The Real Cost of Running Qwen TTS Locally: Three Machines Compared

A.C. Jokela

2026-03-12

The Tesla P40 server standing on its side in an unheated Minnesota shop building, one of three machines benchmarked for local TTS generation

Every post on this site has an audio version. A small player at the top, a few minutes of narration, generated entirely on local hardware. No cloud API, no per-character fees, no data leaving the network. I wrote about setting up the pipeline on AMD Strix Halo earlier this year, and the system has been running in production since, generating narrations for new posts, regenerating old ones when I revise them, and occasionally processing long-form content that would cost real money through Google Cloud TTS or ElevenLabs.
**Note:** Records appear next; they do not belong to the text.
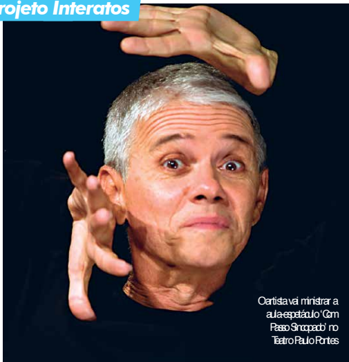
Artista vai ministrar a aula espetáculo 'Com Passo Sincopado' no Teatro Paulo Pontes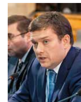
Журавлев Николай Андреевич Заместитель Председателя Совета Федерации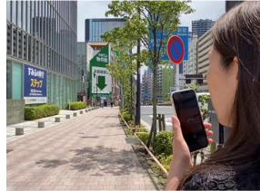
機能1. スマホカメラ映像から視覚情報を取得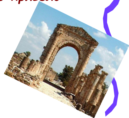
Изображение: археологические раскопки в Тирасполе древний город Тира основан около 20 тысяч лет назад, когда сюда прибыли, покинув свою родину и увидев в 57 году н. э. побывавшие на территории. Его фонды в 2000 лет не так велики, а в древности древнейшего города, основанного переселенцами из Милета. Тира стоит на берегу Днестровского лимана, недалеко от современного города. С конца 1940-х годов Тира, и с 1994 года имеет новое имя и в Белгород-Днестровской области. Издание: Киев, 2000, 104 фото — материал археологической Тирас.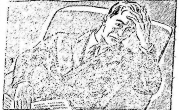
...llegue a casa cansado, nervioso y con un dolor de cabeza inaguantable.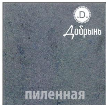
ТМ «GALANT NERO DOBRYN»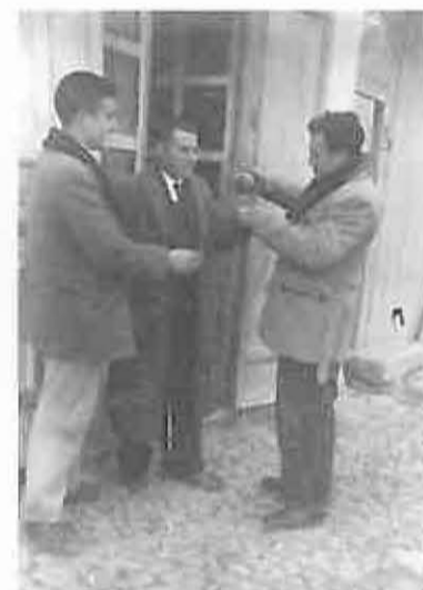
En ésta lo vemos a la puerta de la bodega, presto a probar un buen «caldo» de la tierra.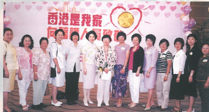
「香港是我家——向醫護人員致敬」大會於七月初舉行，向本港所有奮力抵抗「非典型肺炎」的前線醫護人員致敬，婦協為籌辦機構之一，並發動各團體會員一同支持。 Participating "Hong Kong Our Home - Salutation to Health Workers Ceremony".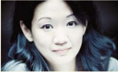
Momo Kodama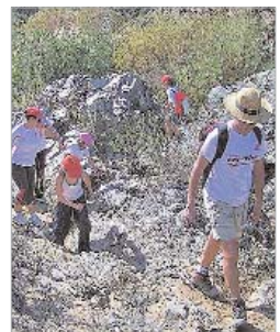
Imagen del sendero de La Caldera.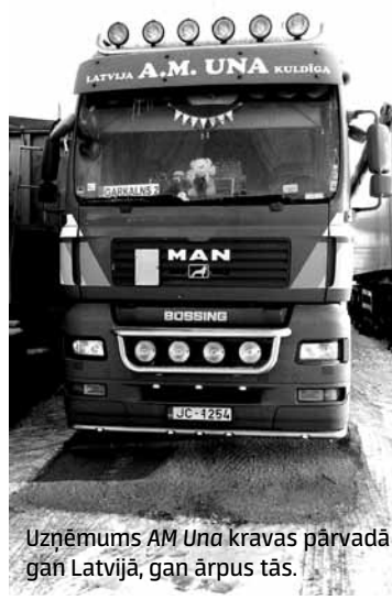
Uzņēmums AM Una kravas pārvadā gan Latvijā, gan ārpus tās.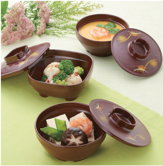
使用食器 | U-35W YSE・U-34 T 小鉢、U-31W YSE・U-30 T 小鉢、 U-41W YSE・U-40 T 角小鉢

But I now have three machines capable of running Qwen3-TTS, and they could not be more different from each other. An Apple M3 Max laptop. An AMD Ryzen AI MAX+ 395 mini desktop with integrated Radeon graphics. And a four-GPU Tesla P40 server built from decade-old enterprise hardware bought on eBay. Three different silicon vendors, three different compute backends (MPS, ROCm, and CUDA) running the same model on the same text.

The question I wanted to answer is simple: how do they actually compare? Not on paper. Not in theoretical FLOPS. In wall-clock time, generating real audio from a real blog post.

The answer turned out to be more interesting than I expected, because the numbers tell a story about hardware architecture that raw specifications completely miss.

The Setup

The model is Qwen3-TTS-12Hz-1.7B-CustomVoice, a 1.7 billion parameter autoregressive text-to-speech model from Alibaba's Qwen team. It generates natural-sounding speech with multiple speaker voices. I use the Eric voice for all blog narrations: clear, professional, well-paced for technical content.

The three machines:

Apple M3 Max, a MacBook Pro with Apple's M3 Max chip. 14 CPU cores, 30 GPU cores, 64GB unified memory. The GPU runs through PyTorch's MPS (Metal Performance Shaders) backend. This is my daily driver laptop, and it generates TTS when I am writing and editing posts.

AMD Radeon 8060S, a Bosgame M5 mini desktop running AMD's Ryzen AI MAX+ 395. This is a Strix Halo APU with integrated RDNA 3.5 graphics, not a discrete GPU. It shares 128GB of DDR5 system memory with the CPU, with roughly 96GB addressable as VRAM. The GPU runs through ROCm 7.2 with PyTorch 2.9.1. The gfx1151 architecture requires specific PyTorch wheels from AMD's pre-release index and several environment variable overrides to function. I wrote a full setup guide for this machine.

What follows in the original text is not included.